The most known and tracked index by far is the S&P 500 which contains the 500 biggest US companies by market capitalization. ETFs are also replicating whole sectors like technology or green energy as well as certain geographies like Europe or emerging markets. There are also such funds that invest into Bonds, Bitcoins or gold and silver.
One strategy to invest is through ETF savings plans. This way, you have an automated system in your investing process avoiding market timing. Plus, you can take advantage of the effect of so called dollar cost averaging where you lower your average cost basis by buying more shares during market corrections for the same money. With rising markets over time, you buy into the markets at favorable average prices.
These passive funds are preferred due to their low costs, especially compared to often underperforming actively managed funds with high costs.
When searching for terms like “investing for beginners”, earlier than later many people stumble across ETF investing. Sounds like a clever way to invest with little time-effort, at low costs and without taking the risks of individual, concentrated investments for your retirement, doesn’t it? Only picking some topics with a birds-eye’s view and spreading among these ideas seems like the way to go.
This is also the strategy of many people in the FIRE community, I wrote last week about. After cutting their biggest everyday costs and living a less stressful, more calm and enjoyable lifestyle, they preferably put what is left over as savings into stock market ETFs.
The most prominent and most often mentioned ETFs are those that track the:
- MSCI World Index (most recent factsheet as of writing this article here, more information here)
- MSCI Emerging Markets Index (most recent factsheet as of writing this article here, more information here)
Keep in mind, that you cannot invest directly into these indexes listed above. You need a provider that replicates one of those with a passive fund. Known providers are Vanguard, BlackRock, etc. (without advertising them).
The idea behind investing in those indexes is straightforward. With the MSCI World index you are buying shares in the biggest companies in the developed world. This shall give stability and average growth (s. below).
To boost the returns “for the long-term”, the MSCI Emerging Markets index is a mentioned addition to the portfolio, because Asia (>70% of the index) is the place where the bigger growth is expected.
Sounds logical, doesn’t it?
Here and there in the FIRE community, there are also mentioned “less risky” ETFs that invest into bonds. However, for the purpose of this article, we are focussing on the both mentioned indexes. And yes, I don’t think that it is a good idea to invest in bonds during a period of rising interest rates, especially not ones with a long duration… when interest rates rise, bonds with their most often fixed coupons get less attractive and their price drops.

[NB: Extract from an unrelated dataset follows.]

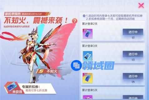 新机甲即将上线!1月11日至1月18日,每日登录领取好礼最高可获得不知火七折购买折扣券!

Here is a rough shot on what investments into ETFs replicating these indexes have approximately performed in the past:
- MSCI World Index had an average performance of 7.9% from 31 December 1987 – 31 August 2022
- MSCI World Index had an average performance of 10.1% over the last ten years until 31 August 2022
- MSCI Emerging Markets Index had an average performance of 9.7% from 31 December 1987 – 31 August 2022
- MSCI Emerging Markets Index had an average performance of 3.3% over the last ten years until 31 August 2022
For the Dow Jones or S&P 500 indexes you can somewhat expect similar figures over longer timeframes.
The result of looking at different long-term intervals is that stock market ETFs average an annual performance of around 8–9%. This is what you can expect over a very long timeframe.

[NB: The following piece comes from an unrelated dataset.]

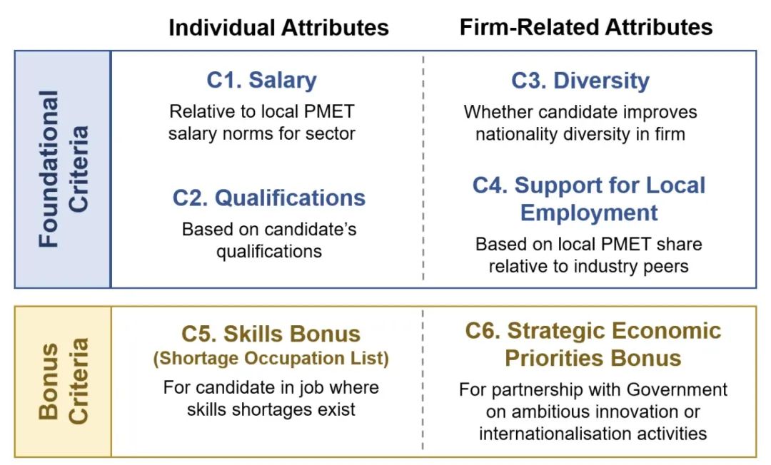 这个框架主要用来评估准证申请人的能力,是不是符合本地劳动市场的需求,以此来判断是否批准准证申请。

However, this is not a figure you should expect gradually every single year.
After one year with say +20% and another with a zero, there will inevitably come a down year or two. Drawdowns (falling prices) tend to be shorter, but more intensive. Don’t be surprised to see some years with –20% or –30%.
But on average, you could have expected in the past solid 8–9% p.a. with ETF investments. It is also in line with what ETF providers advertise.
However, here is where the stress-free part ends, because theory works only in theory, not in practice.
All ETFs have in common, that you buy into baskets of securities and thus ideally spread your money over many hundreds or even thousands of different investments.
But do you exactly know:
- in what geographies
- in what currencies
- in what companies
- in what bonds (who are the debtors and how solvent are they?)
- with which weightings
you are exactly investing with your ETFs?
Or could it be more likely, that most ETF investors do not even know what they are doing? Is the safe feeling masked by assumptions and a strong belief that everything will go its way?
Before putting a single penny into an ETF, you should find out how your ETF of choice is build and what the constituents are. Not only that, but also in which weightings – that’s why I marked the last point on the list above in bold.
In the past, it had big implications on the returns of the following periods when there was a too big imbalance in certain sectors. Maybe you will be surprised, that history doesn’t repeat, but it is said to rhyme.
Let’s explore in the next section what I exactly mean.
The dangers of ETF investing you are not told
Due to the loss-averse nature of humans, these offerings are a welcome psychologically compatible, user-friendly and cost-effective way to invest primarily in stocks where the investor himself has no active management duties and responsibilities.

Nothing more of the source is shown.